The rationale behind cognitive training is that cognitive functions are malleable to a certain extent as a consequence of brain plasticity (Klingberg, 2010; Valkanova et al., 2014) and can therefore be improved if challenged appropriately. Neuroimaging studies have supported this view on several occasions. For example, a study investigating brain changes after a cognitive training programme (Chapman et al., 2015) found an increase of cerebral blood flow and greater connectivity in the executive network during resting-state. In another study investigating the effects of cognitive training in older adults using resting-state fMRI analyses (Cao et al., 2016), it was observed that, after training, participants who underwent a cognitive training programme showed better functional connectivity in the default mode network, salience network, and central executive network when compared with a control group who did not undergo the training programme. In a meta-analysis investigating neural changes after CCT, Li and others (2022) found increased activation in the left inferior frontal gyrus, an area commonly related to language and executive functions (Costafreda et al., 2006; Swick et al., 2008).

Clinical populations often exhibit unique characteristics that set them apart from healthy populations or even from other clinical conditions. For instance, attentional problems have been noted in individuals with ADHD (Slobodin et al., 2018) as well as in those with anxiety and depression (Armstrong & Olatunji, 2012). However, the nature of these attentional issues varies between clinical groups, suggesting that their specific rehabilitation needs are not identical. Consequently, a training programme effective for one population may not yield the same results for another group with differing characteristics. This further indicates that a programme designed to enhance cognitive functions in healthy adults may not be equally effective for addressing cognitive impairments in clinical populations. Thus, conclusions from studies focused on healthy individuals may not necessarily be applicable to clinical groups, leading to the development of two somewhat separate fields of research. The current review will concentrate solely on the impact of CCT on cognitive improvement in healthy adults.

Working memory

Arguably, the cognitive function that has received the most attention in CCT is working memory (WM). WM is a complex cognitive system consisting of storage (short-term memory) and executive components that are responsible for maintaining and processing information (Baddeley, 2012). Studies have identified specific executive functions (EF) that regulate our thoughts and behaviour (Jewsbury et al., 2016; Miyake et al., 2000). Some of these include our capacity to inhibit prepotent or impulsive responses, switching attention between mental sets, and processing speed.

Since WM involves two components, experimental instruments used for its assessment are expected to tap both the storage and processing of information.
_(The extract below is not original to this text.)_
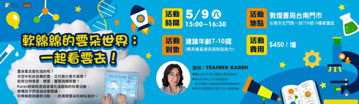 帶領孩子們透過故事閱讀、科學解說與觀察活動,一起揭開雲朵的神秘面紗~

For example, complex span tasks, a commonly used type of WM measure, require participants to store items in short-term memory (e.g., a list of words or numbers) while processing some other information (e.g., solving an equation or determining if a sentence makes logical sense). Simple span tasks, in which participants are required to recall a list of items in either forward or backward order, are also used to evaluate WM. However, some studies have shown that, in healthy young adult populations, performance of simple span tasks mostly depends on short-term memory and not on WM (Conway et al., 2002; St Clair-Thompson, 2010; St Clair-Thompson & Allen, 2013). Thus, simple span tasks may not be an appropriate measure of WM ability. One other task that has received significant attention, particularly in the neuroimaging field (Jacola et al., 2014; Owen et al., 2005), is the n-back task. In this task, participants are presented with a stream of stimuli and are asked to indicate each time the currently presented stimulus matches the stimulus presented n trials previously. The n-back task is commonly used as a measure of WM, and although task performance involves both storage and processing, some studies have suggested that it relies primarily on EF (Chatham et al., 2011; Kane et al., 2007). In addition to complex span and n-back tasks, updating tasks have also been used to assess the updating component of working memory. These tasks are very similar to n-back tasks. However, the key difference lies in the requirement for participants to recall the last ‘n’ stimuli only after the entire sequence of stimuli has been presented. This absence of responses during the presentation of stimuli might reduce the need for manipulation of these stimuli for successful performance. This is because participants are mainly required to update information in their short-term memory.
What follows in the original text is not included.